Displaced older jobseekers encountering multiple obstacles may decide to enter early retirement, settle for a job they are overqualified for, or accept lower pay than they need (Marmora & Ritter, 2015). They may experience low self-efficacy feelings in the job search process, need to rely on their pension for financial survival prematurely, be depressed, feel socially isolated, and overall psychological tension in response to the process (Finnie & Gray, 2018). Workplaces and community outreach programs for older adults need to offer training opportunities in interviewing, job-seeking techniques, and general job training skill updating to make them more viable as job applicants in the workforce and reduce their career vulnerability (Madero-Cabib, 2015; Rix, 1996).
Discouraged Worker Syndrome during COVID-19
Who is a discouraged worker?
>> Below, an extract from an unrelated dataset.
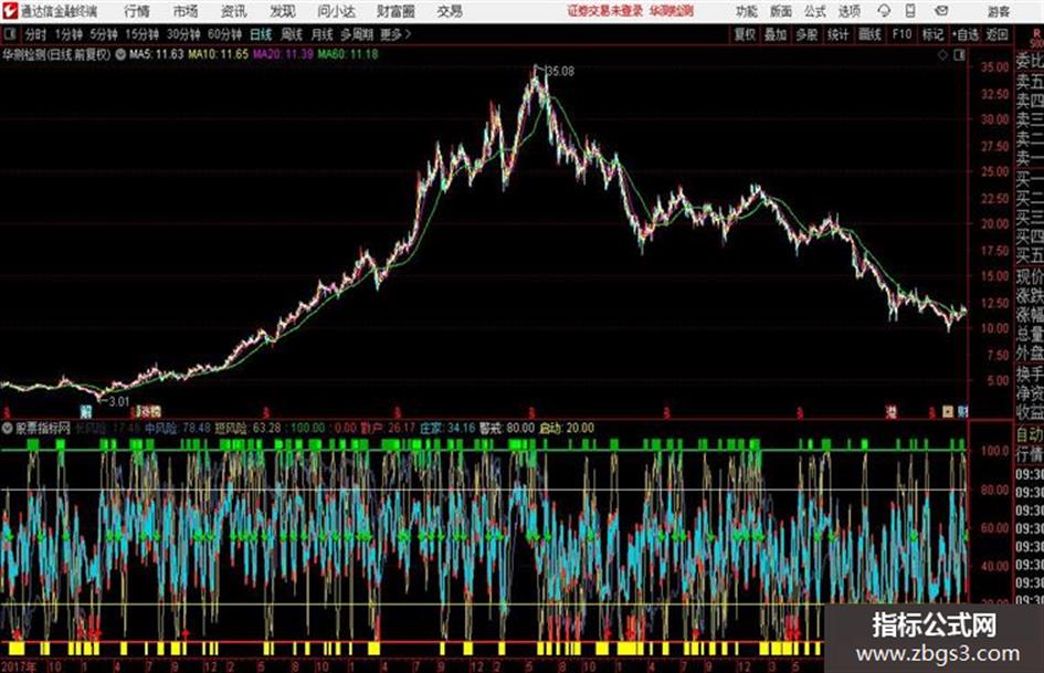 散户:EMA(((P - VAR4)/(VAR5 - VAR4))*(100),T2),LINETHICK2,COLOR3333DD;

The U.S. Bureau of Labor Statistics (September 2020a) defines a “discouraged worker” as an unemployed individual who has sought employment during the past 12 months or since the termination of their job within the past 12 months. Further, the discouraged worker has ceased seeking employment because they believe that they are not qualified for available jobs or have no relevant job positions (U.S. Bureau of Labor Statistics, September 2020a). As we live longer than previous generations on average, this will meaningfully extend the proportion of our lives spent in the workforce. The planning of successive careers and remaining competent within our fields/occupations are critical for us to successfully “age-in-place” in the workplace, and it should begin as soon as we enter the workforce (Müller et al., 2018).
Over weeks or more extended periods to seek employment, the discouraged older adult may merely exit the workforce and enter involuntary retirement with limited financial resources (Ichino et al., 2017). There is a concern that age discrimination in workplace policies may discourage older workers and cause many older adults to enter retirement before they wished or should have retired involuntarily. Job loss can have a significant negative impact on their mental and physical health and their ability to sustain the quality of living standards (Lassus, Lopez, & Roscigno, 2015).
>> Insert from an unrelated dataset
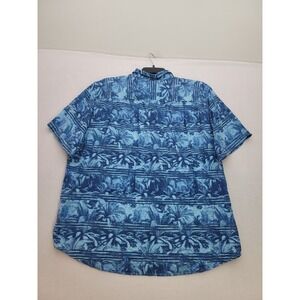Tommy Bahama Blue Floral Shirt Mens 2XL Button Rayon Hawaiian

In a pre-pandemic work context, work stress affects older workers’ motivation to remain in the organization (Fleischmann et al., 2013). Employers need to be sensitive to intensified mental health issues for all employees in this time of COVID-19 (Duan & Zhu, 2020). Still, this effect is complicated for qualified older workers encountering more protective “barriers” than workplace engagement opportunities. Further exacerbating this issue, these ageist attitudes and discriminatory behaviors of employers may become internalized for older workers and can change their attitudes and behaviors (“self-fulfilling prophecy”) (Rudolph & Zacher, 2020). Older adults may also internalize these multiple biases and ageist attitudes, creating issues of non-adaptive, skewed subjective age (“internalized ageism;” Morrow-Howell et al., 2020).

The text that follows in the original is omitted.